Et bien que je puisse, je ne bouge pas, je me redresse incrédule, juste un peu pour le regarder, j’admire enfin sa nudité, son corps si maigre et fluet qui contraste avec cette érection et ce sexe abominablement tentant, abominablement tendu. Je veux enfin toucher sa peau, le saisir, lui donner moi aussi du plaisir mais il s’approche de ma bouche, me dépose un baiser plein de passion, toute la force de cette nuit est dans cet échange.

« Tu as été merveilleuse cette nuit, je t’aime. »
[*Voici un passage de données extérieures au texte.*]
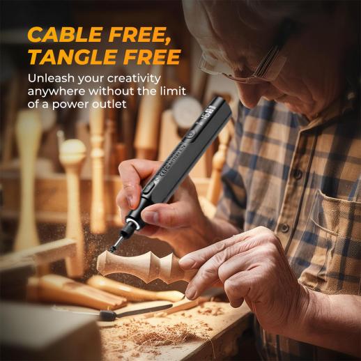 - Geen steile leercurve. Geen gedoe. Pak het gewoon en begin met creëren. Deze mini draadloze roterende tool voelt meteen natuurlijk aan – lichtgewicht, comfortabel en gemakkelijk te bedienen vanaf de eerste keer indrukken. En met 39 zorgvuldig geselecteerde accessoires (we kiezen de meest nuttige, meest populaire), ben je direct klaar voor talloze projecten.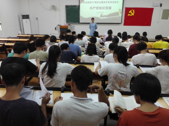 为热烈庆祝中国共产党成立97周年,不断提升党支部建设质量,更好地发挥基层党组织的政治核心作用和党员的先锋模范作用,6月24日晚,公共卫生与管理学院于仙葫校区教学楼2-102教室,组织支部全体学生党员开展了共产党知识竞赛,围绕党章、十九大报告内容、廉洁自律准则等方面进行考查。在考试过程中,大家认真答题,奋笔疾书,严守考风考纪。在平时党支部的培养和各学生党员自我主动学习下,每一位参加此次知识竞赛的党员和预备党员都交上了一份满意的答卷。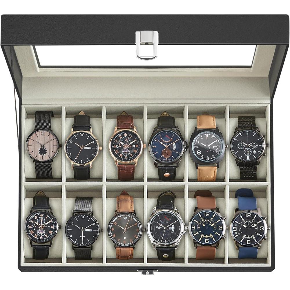 What You Get: A classic watch storage box with 12 slots, watch pillows that can be removed to store jewelry, and a glass lid that protects your watches from dust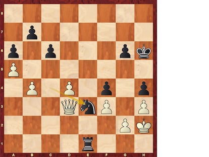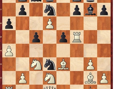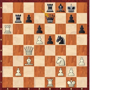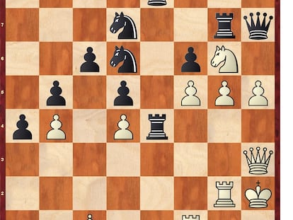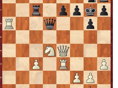 Con un peón más pero bajo gran presión, el genial veterano ucranio encuentra un lance tan bello como decisivo para lograr ventaja ganadora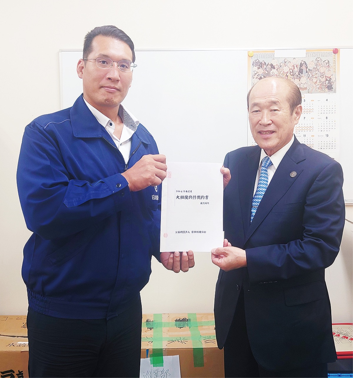 藤沢春名物として知られる大相撲藤沢場所(最上重夫勧進元/(株)湘南営繕協会代表取締役)が来年4月13日(土)に行われることが決まった。10日、(公財)日本相撲協会(東京都墨田区)で、巡業部の立田川親方(元小結・豊真将)を訪問。巡業契約を交わした。会場は例年同様、藤沢市秋葉台文化体育館。29回目となる。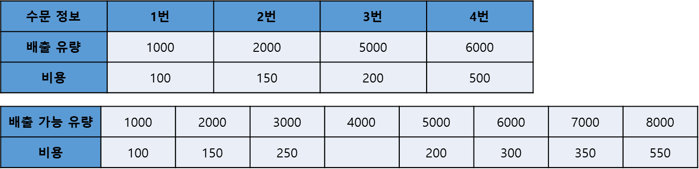 각 수문의 유랑과 비용을 이용해, 조합 가능한 유량의 최소비용을 테이블에 저장하여 풀 수 있는 문제였다. 다만 약간의 함정이 2곳에 있었다.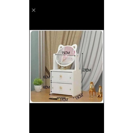 Kệ mỹ phẩm 2 tầng có gương tai mèo dễ thương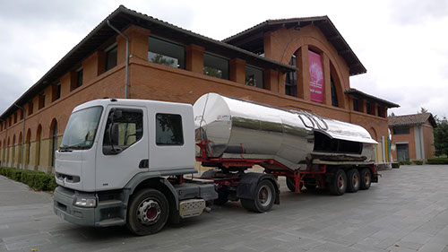 Camion transportant une cache accessible par une trappe sur le flan de la citerne. Réalisée pour le FRAC Nord/Pas de Calais, cette version de "My home is a castle" fait écho aux dizaines de milliers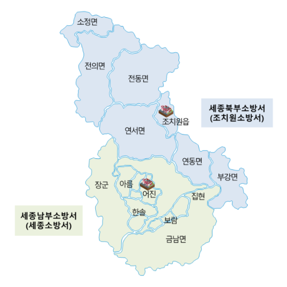 조치원소방서는 조치원읍, 연서면, 전의면 등 세종시 북부 지역을, 세종소방서는 어진동, 보람동, 장군면 등 세종시 남부 지역을 관할하고 있다.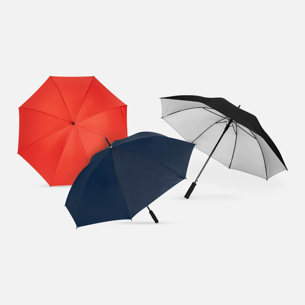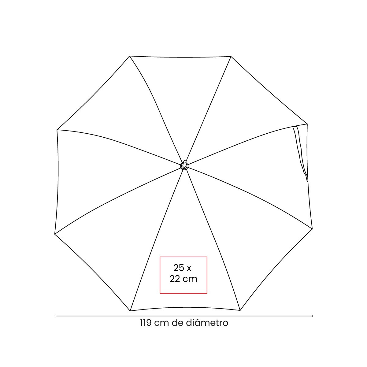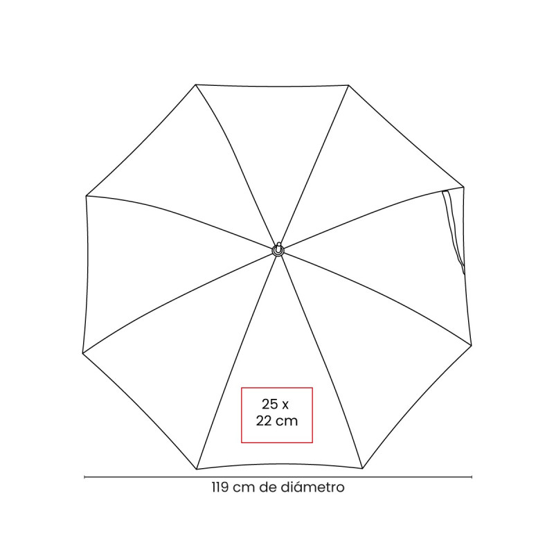 Paraguas de 8 paneles y mango de EVA. Sistema de abertura automatica. Incluye recubrimiento interno como proteccion UV.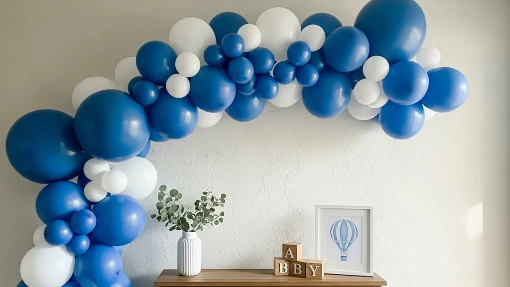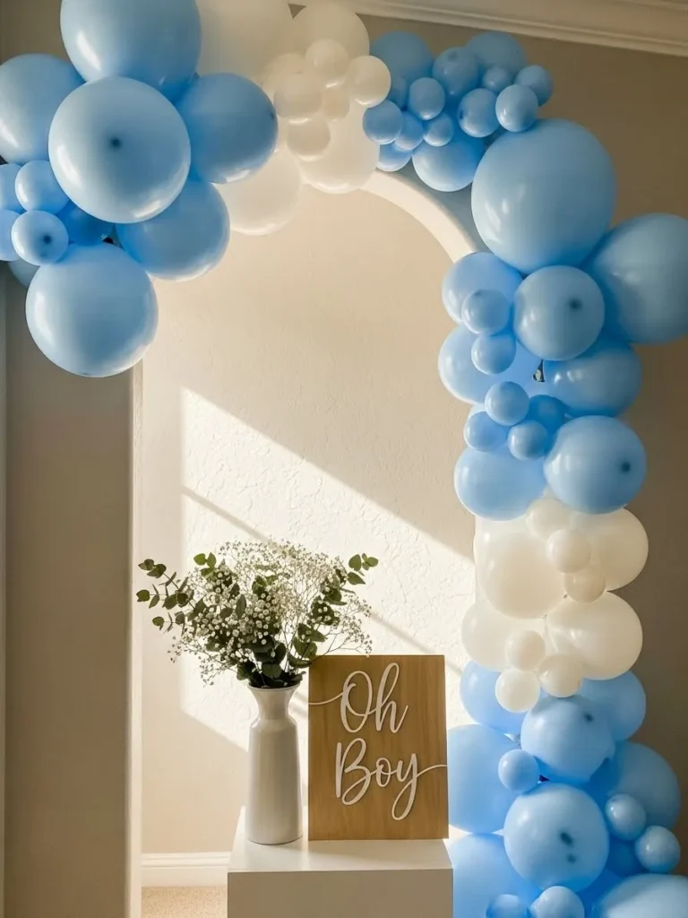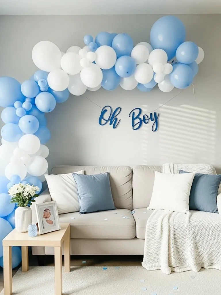 This living room setup keeps things light and sweet with a soft blue and white balloon arch that frames the space without taking it over. The balloons vary in size which gives the whole display a relaxed and slightly whimsical look instead of feeling too staged. The neutral sofa and cozy throw balance the playful decor beautifully while blue accent pillows tie everything together. I also love how the simple Oh Boy sign becomes the focal point without feeling loud or over the top. It all feels airy calm and very easy to recreate at home.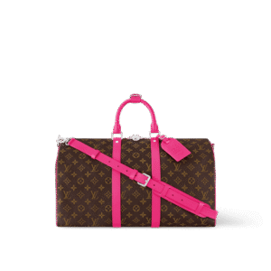 Description Brightly coloured leather details bring a fresh feel to this Keepall Bandoulière 50 travel bag in Monogram Macassar canvas. The top handles, the removable shoulder strap, even the leather name tag, are all in the same bright colour. The bag is lined in a striped textile inspired by the linings of the House’s original...
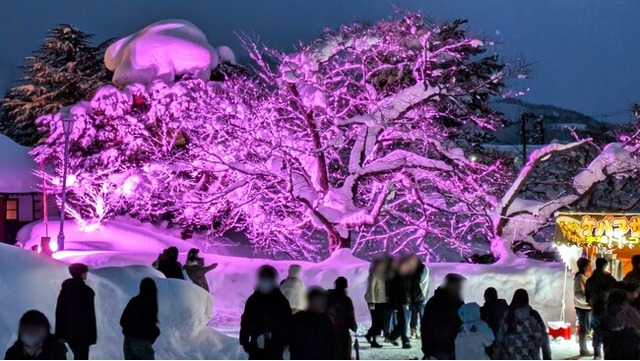 大雪が降り積もる中でのライトアップとなりましたが、ピンク色に照らされた桜の木々と雪が、まるで満開に咲き誇った桜のように、美しい姿となりました。風に舞う雪もまるで桜吹雪のよう。足を止めて、写真を撮影する方々の姿を多く目にすることができました。

Il me prend la main qui se retrouve sur sa cuisse, la retire délicatement et la dépose sur le matelas. Il prononce alors ce petit mot qui reste gravé…viens

Je n’ai ressenti aucune douleur et mon plaisir fut inouï, ce fut un moment magique, nous étions vraiment tous les deux, fusionnés et unis.

Épuises, apaisés, effondrés, face à face, c’est sous ses caresses que je me suis ensuite laisser emporter par le sommeil.
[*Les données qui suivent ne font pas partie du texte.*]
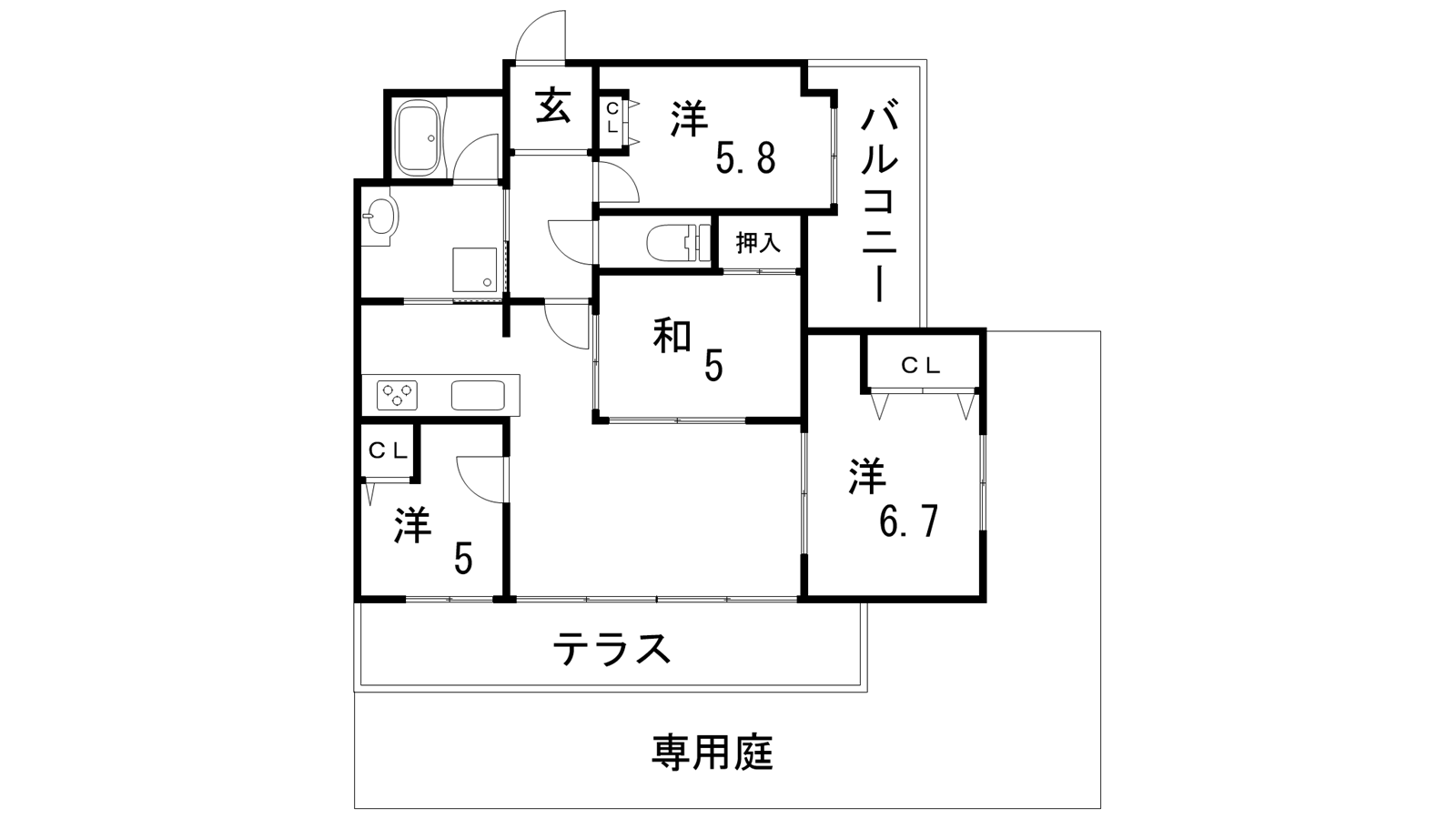 - LDK15.7帖、洋室6.7帖、和室5帖、洋室5帖、洋室5.8帖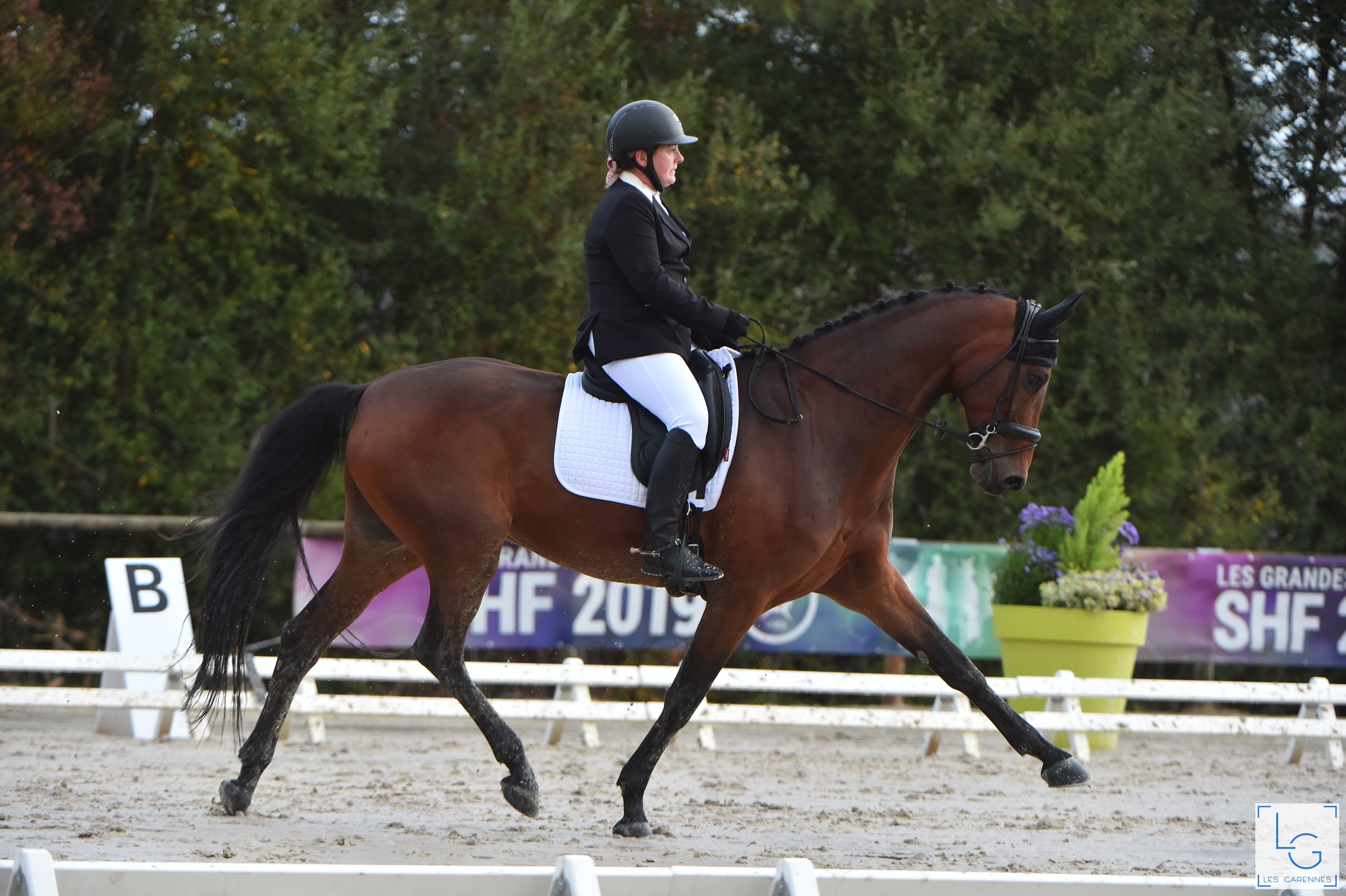 Dernier à monter sur le podium, Burghley des Blancs a réalisé une reprise finale jugée à 73,40% sous la selle de Céline Claude, sa propriétaire. Ayant participé à la Finale du Cycle Libre 1ère année 4 ans et 2ème année 5 ans sans réussite, cette année, sur le Cycle Libre 3ème année 6 ans, Céline Claude, cavalière et propriétaire, avait à cœur que son fils de Benicio et petit-fils de Don Frederico brille à Saumur : « Cette année, étant donné qu’il s’agissait de sa dernière année sur le circuit des Jeunes Chevaux, et qu’il a, durant toute la saison, reçu les compliments des juges, j’ai pensé que nous pourrions faire quelque chose à Saumur si j’arrivais à le mettre bien au travail sur le rectangle. L’objectif était donc de figurer parmi les cinq premiers. Lors de la Finale, à l’occasion de la première reprise, il avait été parfait à la détente, mais en rentrant sur la piste il a été un peu en dessous de sa qualité et un peu en arrière des jambes. En revanche, lors de la seconde reprise, il était très allant et s’est surpassé », commente Céline Claude.

Et nous étions tendrement enlacés sous sa couette quand nous avons entendu des pas dans le couloir qui menait à la chambre…

Impossible de bouger, au risque de l’on me retrouve nue debout au bon milieu de la chambre.

La porte s’ouvre, quelques pas, une garde-robe qui s’ouvre, un corps qui se retourne, laisse échapper t-shirt qu’elle a en main, se précipite dans le couloir et hurle...

« Maman, il y a une fille dans le lit de Lionel »

Sa sœur, 15 ans…l’horreur, moment inoubliable lui aussi

J’aimerais un jour pouvoir le recroiser et lui offrir ce récit ainsi que ceux qui vont suivre car comme vous vous en doutez cet adolescent plus que mature sexuellement m’a ouvert quelques jolies portes comme celle de la littérature érotique.